Brigadier Charles Gordon Ross (born 12 March 1892, date of death unknown) was a career soldier who served in both the Royal Air Force and the South African Air Force. He was a quadruple ace, being credited with 20 victories during World War I.

==World War I service==
Ross originally served in the Royal Flying Corps, having joined in August 1917. He was assigned to 29 Squadron RAF on 25 March 1918 as a Royal Aircraft Factory SE.5a pilot. He began his victory roll on 26 May 1918; by 10 November, the day before the armistice, he had accounted for two observation balloons and sixteen enemy planes destroyed, and two planes driven down out of control. Although he shared some of his victories with others, such as Francis James Davies, Reginald H. Rusby, Ernest Charles Hoy, and Arthur Reed, Ross also singlehandedly destroyed eight enemy fighters.

==Post World War I==
Ross stayed with his squadron when it was posted to Cologne as part of the Army of Occupation. In 1921, he left the RAF to enroll in the new South African Air Force. He was appointed a CBE during World War II, and retired a Brigadier.

==Honors and awards==
Distinguished Flying Cross (DFC) awarded 2 November 1918

Lt. Charles Gordon Ross.

An airman who has accounted for four enemy machines. On 8 August, while on offensive patrol, he engaged a two-seater, driving it down. On his return journey, he destroyed a hostile balloon; the observer escaped via parachute.

Distinguished Flying Cross (DFC) Bar awarded 3 December 1918

Lieut. (A./Capt.) Charles Gordon Ross, D.F.C. (FRANCE)

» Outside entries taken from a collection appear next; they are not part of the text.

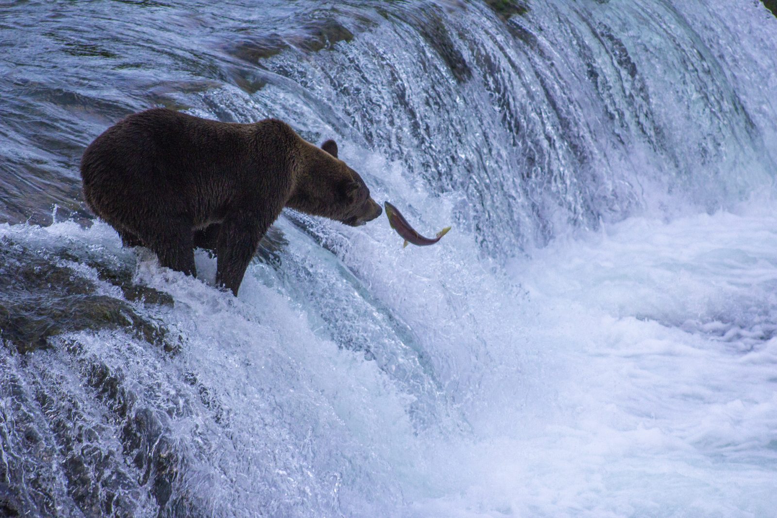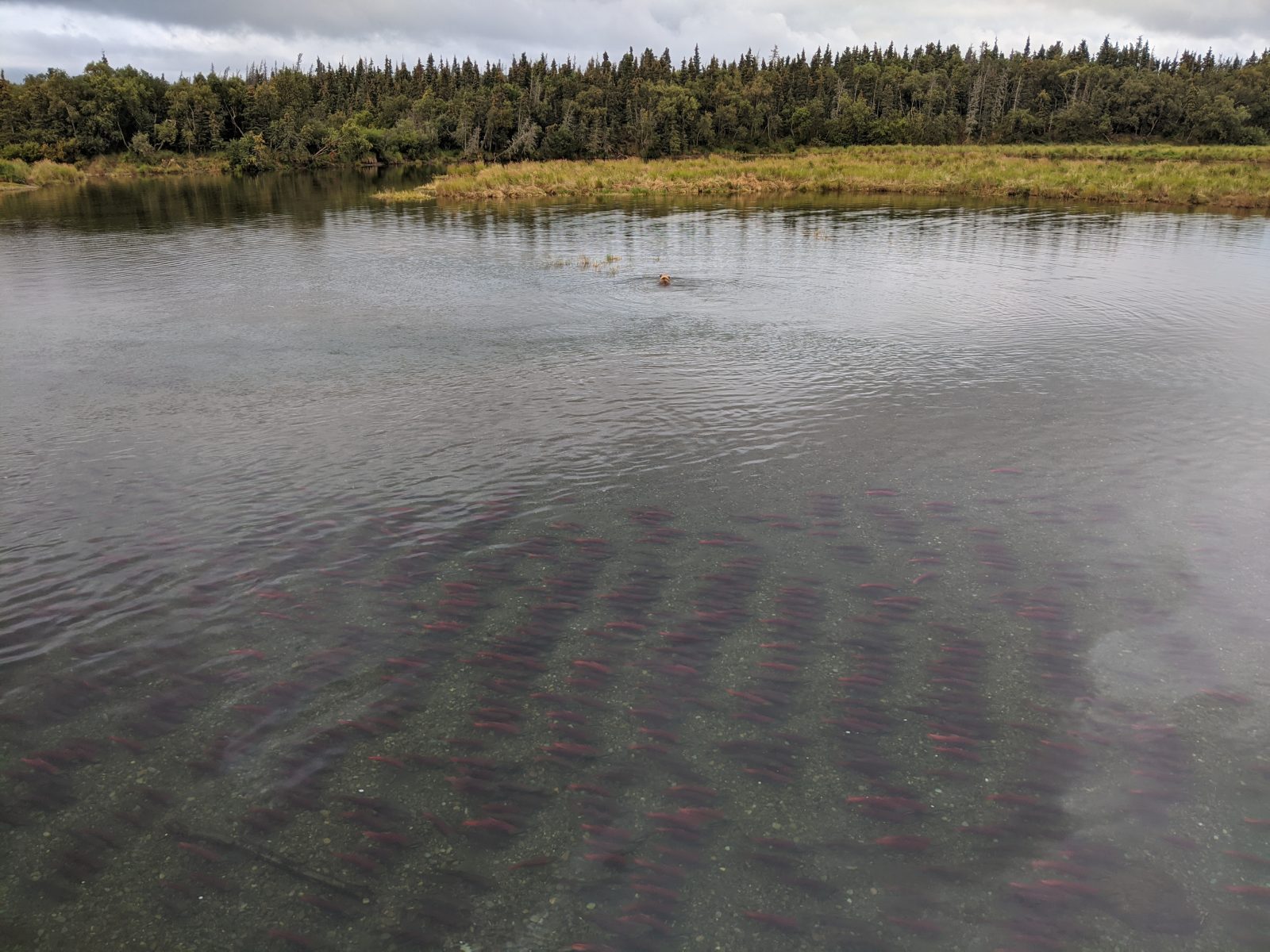 This region is part of the Bristol Bay watershed, the largest sockeye salmon fishery in the world. Every river, from 20 cfs to 20,000 cfs is filled with thousands of salmon during the right time in the summer. As the sockeye salmon migrate upriver from the ocean to the precise spot they were born, they change from silver to a bright cherry red color and their heads turn dark green. As I was jet-boating up the nearby Tazimina River, I thought to myself “This could be featured in National Geographic”. Crystal clear, turquoise waters were teeming with tens of thousands of bright red salmon swimming together in coordination. In Katmai National Park, you can watch brown bears “snorkel” for salmon from above.
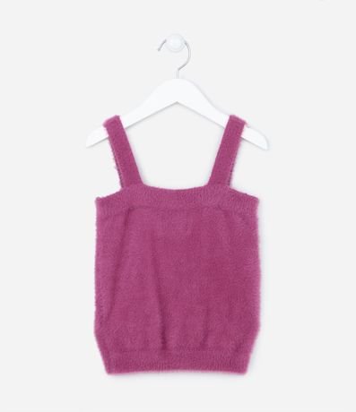 Ref: Blusa cropped, com alças, detalhe caneladinho e confeccionada em tricô peludinho.
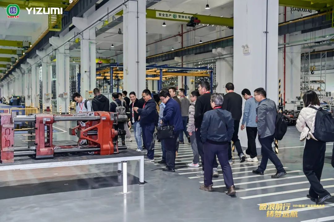 在伊之密領導及工作人員的指引下,嘉賓們先后參觀了伊之密高黎流水線車間、五沙數字化工廠、超重型壓鑄機廠房,詳細了解公司的發展歷程、研發實力、重型壓鑄機廠房的規劃建設能力和未來發展方向。
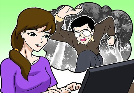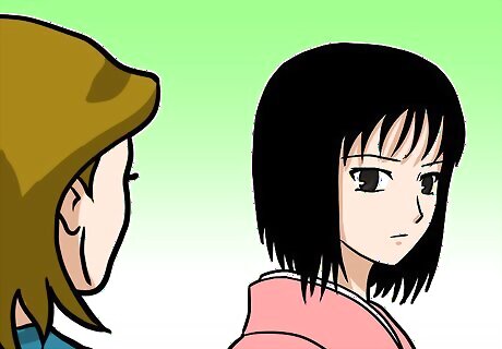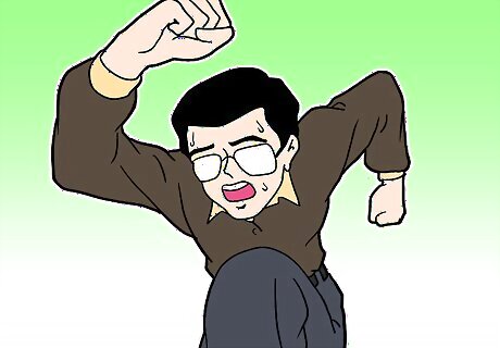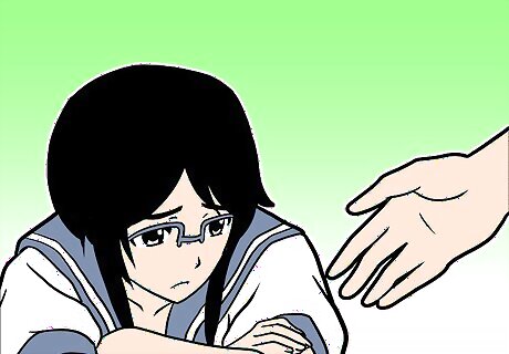 React to other characters' emotions appropriately. If your character happens to stumble upon a girl crying, he may stop to comfort her or look around for her parents. If he isn't good in social situations, he might awkwardly stand there or ignore her. For a character with a nasty personality, he might seize the chance to steal her backpack or laugh at her pain. His actions will depend on his personality, but remember that people can change. For this example, let's take a shy, nervous guy who is socially awkward: Rick couldn't stop staring down at the crying girl. She was tightly curled up into a ball and clinging onto his legs. Quiet sobs exploded from her mouth, and her shoulders were shaking. Rick thought he heard her saying something, but she was pressing her face into his faded jeans. It muffled her words and made it impossible for him to understand her. He wished he was back at home, safely nestled in front of his laptop. Unfortunately for him, he was in an old alley, being hugged by a broken human being.
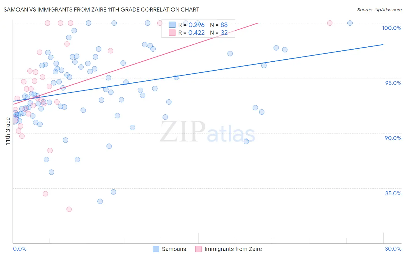 Samoan vs Immigrants from Zaire 11th Grade Correlation Chart
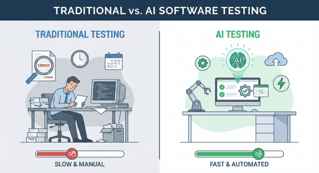 AI reduces this time by automatically generating test cases, executing tests faster, and analyzing results instantly. This allows teams to release software more quickly without sacrificing quality.
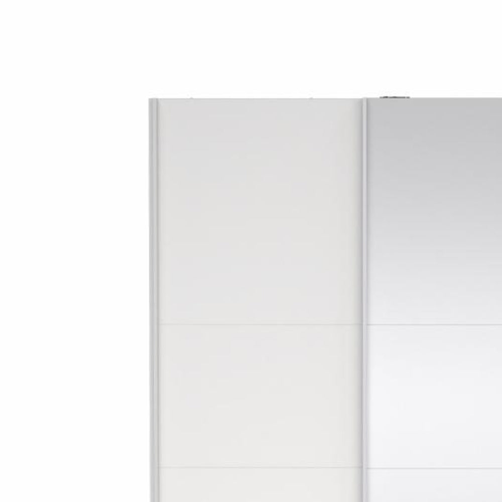 Este moderno closet de folio blanco es la solucion perfecta para espacios contemporaneos. Con dos puertas corredizas, una de ellas incluye un espejo, combina funcionalidad con un estilo sofisticado. Su interior incluye tres gavetas, cuatro entrepaños y dos percheros, ofreciendo un amplio espacio para organizar ropa, zapatos y accesorios. El diseño de las puertas corredizas maximiza el espacio disponible en la habitacion, mientras que el espejo no solo es practico, sino que tambien añade luminosidad y una sensacion de amplitud. Ideal para cualquier dormitorio que busque un toque moderno y eficiente.
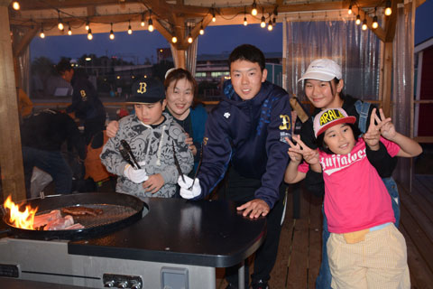 オリックス・バファローズは11月9日、「FAN FUN FARM『選手と一緒にBBQ!』」をパームガーデン舞洲のバーベキュー場で実施しました。左澤優、榊原翼、山崎颯一郎、吉田凌、神戸文也、本田仁海、東晃平の7投手が登場し、ファンと一緒にお肉をほおばり、楽しい時間を過ごしました。
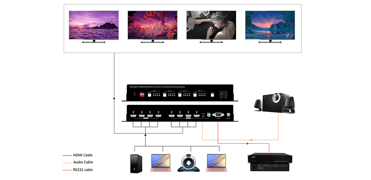 Ø 支持4路HDMI信号输入,4路HDMI输出
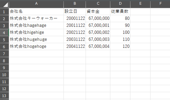 とあるお客様が「企業ごとの設立日・従業員数・資本金を調査し分析を行いたい」という目的で依頼をされたとします。
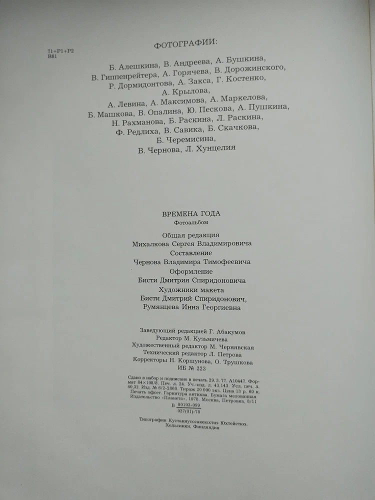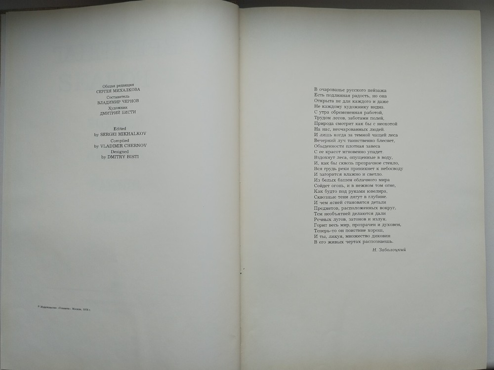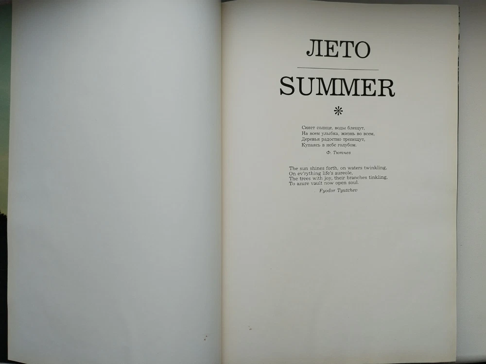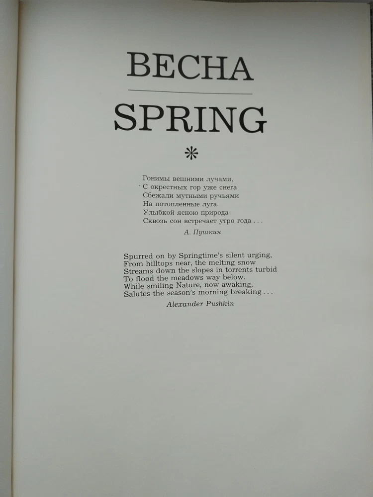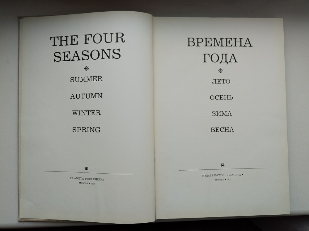 Cover: firm + dust jacket; 240 pages; 1978 hard cardboard sleeve. Compiled by V. Chernov. SEASONS. Summer. Autumn. Winter. Spring M. Planet 1978 edited by Mikhalkov, S.V. , Gorgeous print. Hardcover, cloth, dust jacket. Made in Finland. Circulation 20000. Language: Russian, English. Very Large format - 275 x 400 mm. An original gift for connoisseurs of poetry and photography. Gorgeous photos of nature by seasons. A unique edition. Luxurious photo album "Seasons" is a poetic collection of the best poems of Russian and Soviet classics. The book is divided into chapters according to the seasons of the year - Spring, Summer, Autumn, Winter. Each chapter is accompanied by beautiful photo illustrations that accompany the poetic lines of famous poets.
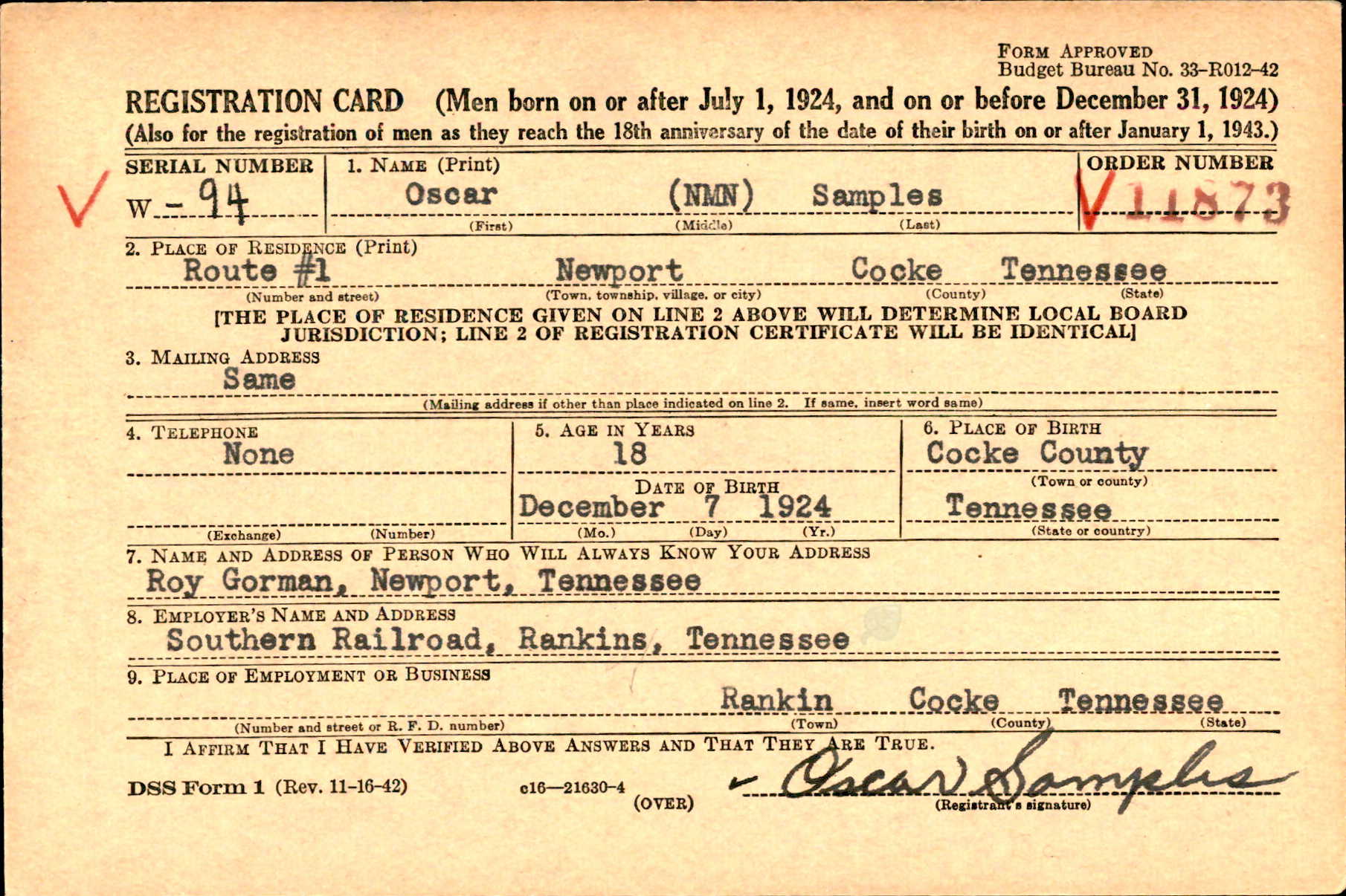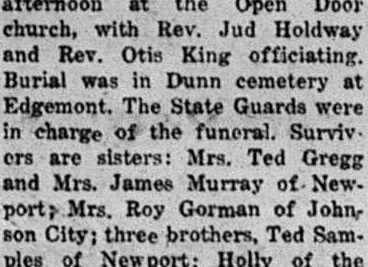 Oscar Samples, A.M.M. 3C, age 19, was killed in a plane collision near Oak, Ala., April 7. Funeral services were held Thursday afternoon at the Open Door church, with Rev. Jud Holdway and Rev. Otis King officiating. Burial was in Dunn cemetery at Edgemont. The State Guards were in charge of the funeral. Survivors are sisters Mrs. Ted Gregg and Mrs. James Murray of Newport Mrs. Roy Gorman of Johnson City three brothers, Ted Samples of Newport Holly of the Army Air Corps, Camp Luna, New Mexico, and Lester of the Army somewhere in England.
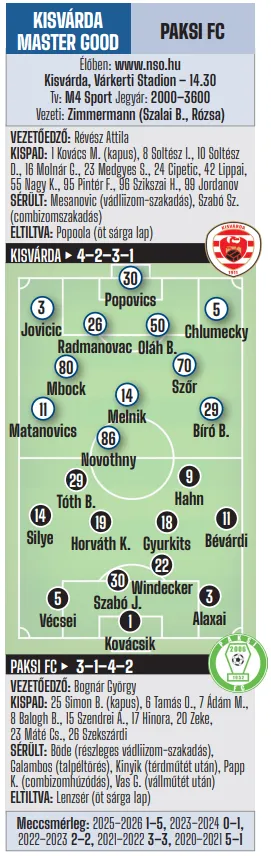 14.30: Kisvárda Master Good–Paksi FC (Tv: M4 Sport)
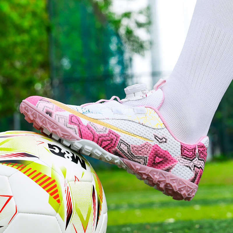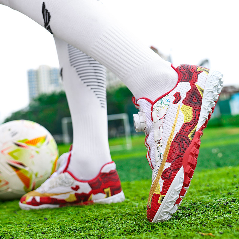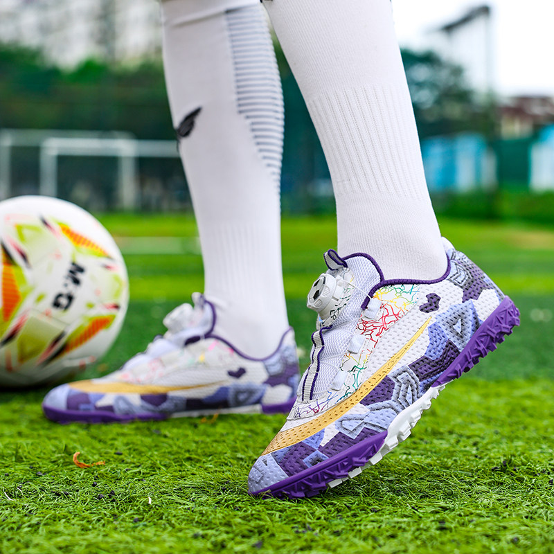 正版特价新款儿童足球鞋小学生男童女童碎钉透气旋钮训练鞋免系带

A fine fighting pilot and leader who has destroyed twelve enemy machines. On 2 October, Ross with three other machines, attacked eight Fokker biplanes; in the engagement that followed four of these were destroyed, Capt. Ross accounting for one.

Belgian Croix de Guerre

Awarded by His Majesty, King of the Belgians, on 15 July 1919.

Insignia of the Order of Saint Sava (Fourth Class)

Awarded by His Majesty, the King of the Serbs, Croats and Slovenes, on 31 July 1929

Order of the British Empire

Charles Gordon Ross was appointed an Additional Commander of the Military Division of the Order of the British Empire on 1 January 1945.